そのあまりにも狼狽したようすを見て、ぷっと“お嬢さま”たちが吹き出した。
「ふふ、ふふふふフォローという言葉ではおさまりきらない熱情があるもののようにも見受けられましたけれど……ありがとうございます。悪意がないことは、伝わりました。でも“カタブツ”さま、たとえ肯定の意味であろうと、女性の、いえ他者の身体のことを安易に言及してはいけませんよ。せめてそういうことは、ふ、ふふふふたりの関係ができあがってから、ほかにだれもいない、ふふふたりきりのときに、そっとほめ伝えるものです……」
「し、信頼関係とTPOが大事だということだな! そそそのとおりだ。申しわけなかった」
「なるほどなるほど……“カタブツ”さんは熱心な太ももフェチであると……これはこの“わけ知り顔”秘蔵の『わけ知りメモ』に追加しておかねばなりませんね……」
「やめるんだ“わけ知り顔”! 頼むから忘れてくれ!」
爆発への危惧という極度の緊張が緩和したためか、一同はわちゃわちゃとさわぐ。
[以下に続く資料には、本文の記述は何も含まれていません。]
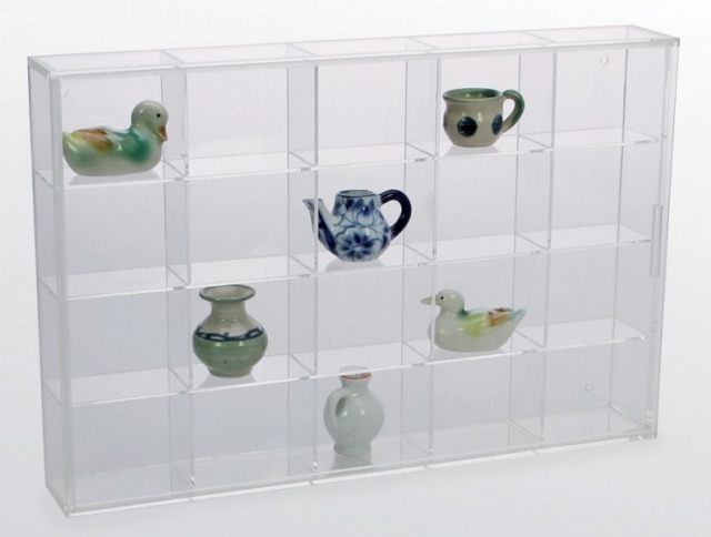 Made of crystal clear acrylic glass, these sleek cabinets are made to hang on your wall and come in 6 different styles/sizes. Since they are frameless and hingeless, the focus is on your miniature figurine collection, not the hardware. The clear front panel slides into place. Hang over a mirror and add top UV lighting for a dramatic effect to complement any decor.

ミニ畳も、それぞれの顔を見ながらなぜかフリフリとおどった。
が、ひとり、遠巻きにながめていた“可憐”が、
「あのぅ、そろそろ、地下に……」
という声を発した。
「たしかに、たしかにそうだな! みんなッ! ひとまず地下へおりよう」
それを受け、なにかをごまかすように不必要に声をはりあげる“カタブツ”。
その勢いのままガコンと床の扉をもちあげると、なかから地下へとつながる階段があらわれた。
「さ、さあ行こうか!」
と告げた“カタブツ”のそばへ、少しの思案顔のあと、つつつと“可憐”が寄ってきて、余人には聞こえない声量でささやく。
「ね、“カタブツ”くん……なにかあったら、私のこと、まもってね」
「も、もちろんだ! ぼくはサークルのみんなのことを、まもってみせる太ももがあろうとなかろうといやないってことはないかミニ畳ぐらいかダハハさあ行こう!」
とひきつづき論理性を失いつつ、“カタブツ”がカチコチとひと昔前のロボットのごときぎこちない動きで、先頭に立って地下へとおりていく。
それを見とどけ、“わけ知り顔”たちに先をゆずった“可憐”は、おりる間際、スカートをはためかせて布越しに自分の足をじっと見た。
じまんの、日々の節制と運動の結晶であるほそい足。
思案をめぐらせ、それを振りはらうように、手間と時間をかけてつやをまとわせた長い黒髪をかきあげると、かれんなしぐさで一歩ずつ階段をくだってゆく。